Famous Authors Sue Microsoft Over AI Training Using Their Books

A coalition of authors has accused Microsoft of utilizing nearly 200,000 pirated copies to develop an artificial intelligence model. This accusation adds to the ongoing legal struggles surrounding copyright issues between creative professionals and tech companies.

Kai Bird, Jia Tolentino, Daniel Okrent, and others argue that Microsoft intends to use a well-known digital version of their book to train Megatron AI for generating responses to user queries. Their lawsuit, filed in federal court in New York on Tuesday, is among several crucial cases initiated by authors, news outlets, and other copyright holders against tech firms regarding alleged misuse in AI training.

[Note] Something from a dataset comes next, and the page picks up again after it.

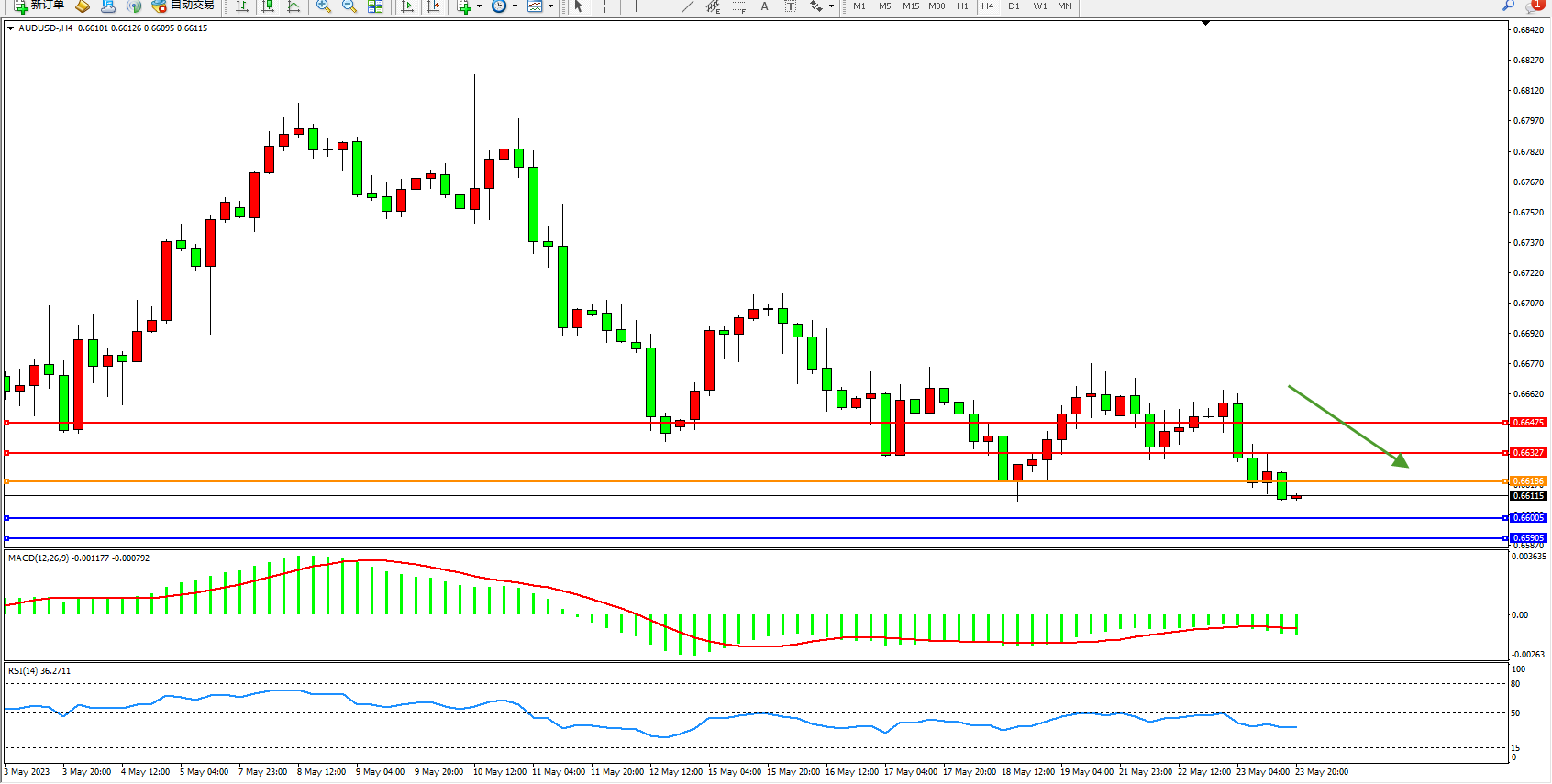 交易策略:0.66186下方看跌,目标0.66005  0.65905

The authors are seeking a court order to prohibit statutory damages of up to $150,000 for each work that Microsoft is accused of misusing.

Generative AI products like Megatron can produce text, music, images, and videos based on user input. To develop these models, software engineers gather expansive databases of media and train AI to produce similar outputs.

The authors claim that Microsoft has utilized a trove of nearly 200,000 pirated books for training Megatron, which generates text responses to prompts. The complaint states that Microsoft employed these pirated datasets to “build not only computer models from the works of numerous creators and authors but also to produce a variety of representations replicating the syntax, sound, and themes of the copyrighted works.”

A Microsoft representative has yet to respond to inquiries about the lawsuit, while the authors’ attorney declined to comment.

This lawsuit against Microsoft was filed just after a federal judge in California ruled that the use of copyrighted material for AI training could be considered fair use, but acknowledged that they might still be liable for the utilization of pirated book versions. This marked the first US legal decision addressing the legality of using copyrighted materials without authorization for AI training. On the same day the complaint against Microsoft was filed, a California judge ruled in favor of Meta in a similar copyright dispute, attributing the decision more to the plaintiff’s weak argument than to the strength of the tech company’s defense.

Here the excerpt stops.